120726 16:10:36 [Note] WSREP: Passing config to GCS: base_host = 172.30.0.163; evs.consensus_timeout = PT1M; evs.inactive_check_period = PT10S; evs.inactive_timeout = PT1M; evs.keepalive_period = PT3S; evs.send_window = 1024; evs.suspect_timeout = PT30S; evs.user_send_window = 512; gcache.dir = /var/lib/mysql/; gcache.keep_pages_size = 0; gcache.mem_size = 0; gcache.name = /var/lib/mysql//galera.cache; gcache.page_size = 128M; gcache.size = 1G; gcs.fc_debug = 0; gcs.fc_factor = 0.5; gcs.fc_limit = 16; gcs.fc_master_slave = NO; gcs.max_packet_size = 64500; gcs.max_throttle = 0.25; gcs.recv_q_hard_limit = 9223372036854775807; gcs.recv_q_soft_limit = 0.25; gcs.sync_donor = NO; replicator.causal_read_timeout = PT30S; replicator.commit_order = 3
120726 16:10:36 [Note] WSREP: Assign initial position for certification: -1, protocol version: -1
120726 16:10:36 [Note] WSREP: wsrep_sst_grab()
120726 16:10:36 [Note] WSREP: Start replication
120726 16:10:36 [Note] WSREP: Setting initial position to 00000000-0000-0000-0000-000000000000:-1
120726 16:10:36 [Note] WSREP: (1bc3616b-d777-11e1-0800-4a369f7eed28, ‘tcp://0.0.0.0:4567’) listening at tcp://0.0.0.0:4567
120726 16:10:36 [Note] WSREP: (1bc3616b-d777-11e1-0800-4a369f7eed28, ‘tcp://0.0.0.0:4567’) multicast: , ttl: 1
120726 16:10:36 [Note] WSREP: EVS version 0
120726 16:10:36 [Note] WSREP: PC version 0
120726 16:10:36 [Note] WSREP: gcomm: connecting to group ‘galeraprimary’, peer ‘galera1.torreycommerce.net:4567
120726 16:10:36 [Note] WSREP: (1bc3616b-d777-11e1-0800-4a369f7eed28, ‘tcp://0.0.0.0:4567’) turning message relay requesting on, nonlive peers: tcp://172.30.0.154:4567
120726 16:10:36 [Note] WSREP: (1bc3616b-d777-11e1-0800-4a369f7eed28, ‘tcp://0.0.0.0:4567’) turning message relay requesting off
120726 16:11:06 [Note] WSREP: view((empty))
120726 16:11:06 [ERROR] WSREP: failed to open gcomm backend connection: 110: failed to reach primary view: 110 (Connection timed out)
at gcomm/src/pc.cpp:connect():148
120726 16:11:06 [ERROR] WSREP: gcs/src/gcs_core.c:gcs_core_open():195: Failed to open backend connection: -110 (Connection timed out)
120726 16:11:06 [ERROR] WSREP: gcs/src/gcs.c:gcs_open():1290: Failed to open channel ‘galeraprimary’ at ‘gcomm://galera1.torreycommerce.net:4567’: -110 (Connection timed out)
120726 16:11:06 [ERROR] WSREP: gcs connect failed: Connection timed out
120726 16:11:06 [ERROR] WSREP: wsrep::connect() failed: 6
120726 16:11:06 [ERROR] Aborting

120726 16:11:06 [Note] WSREP: Service disconnected.
120726 16:11:07 [Note] WSREP: Some threads may fail to exit.
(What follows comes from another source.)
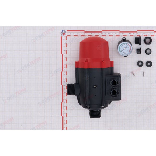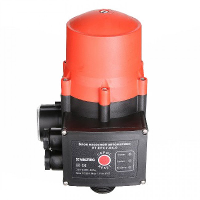Блок насосной автоматики (пресс-контроль) VT.EPC2.06.0 является комбинацией реле минимального давления с реле протока и служит для управления насосами водоснабжения, их защиты от работы «на закрытую задвижку» и в режиме «сухого хода». Когда при водопотреблении давление в сети опускается ниже настроечного, блок пускает насос, обеспечивая подачу воды пользователям. Значение давления включения можно задать самостоятельно, в диапазоне от 1,5 до 3,0 бара (заводская настройка – 1,5 бара). После прекращения разбора воды выключение насоса происходит с задержкой в 8 с, что исключает возникновение гидроудара. При отсутствии воды во всасывающей линии блок отключает насос с задержкой 10–15 с, защищая его от «сухого» хода.
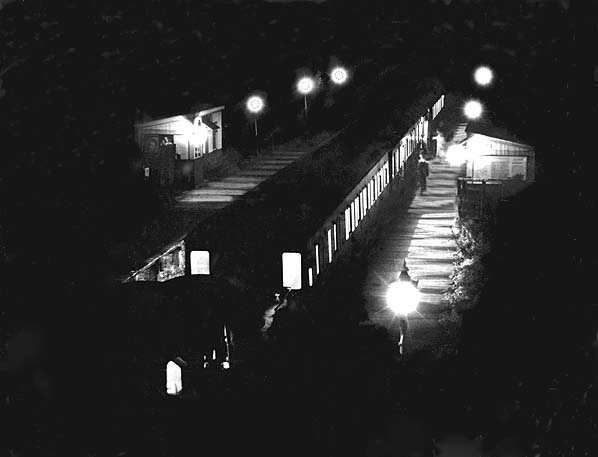 ![]() Last train of the day at Penwortham (Cop Lane) on a December evening in 1964, the 11.20 pm Saturday-only Southport - Preston service disgorges a small group of revellers onto the wooden platforms, returning to their beds after a night out in the hot-spots of Southport. Within a few short weeks, they will discover, to their eternal regret, that the alternative bus service to be offered by Ribble Motors will provide a much less convenient facility, particularly at such a late hour as this. Fares will also soon start to rise dramatically. At this time, by train, a day-return ticket to Southport is 3/6d (17½p). In the opposite direction, the day return fare to Preston amounts to the princely sum of 7d (3p). Photo by Alan Castle ![]()

Any ideas what is going on here?

No one has any ideas? This is still an issue for me… random timeouts that don’t (or rather can’t be) network related.

I just did some reading and it’s very possible that there is still a bug with log_bin in place. I’ll try disabling and see if it fixes the disconnects. If it does, should I file a bug report with the Codership team, or Percona?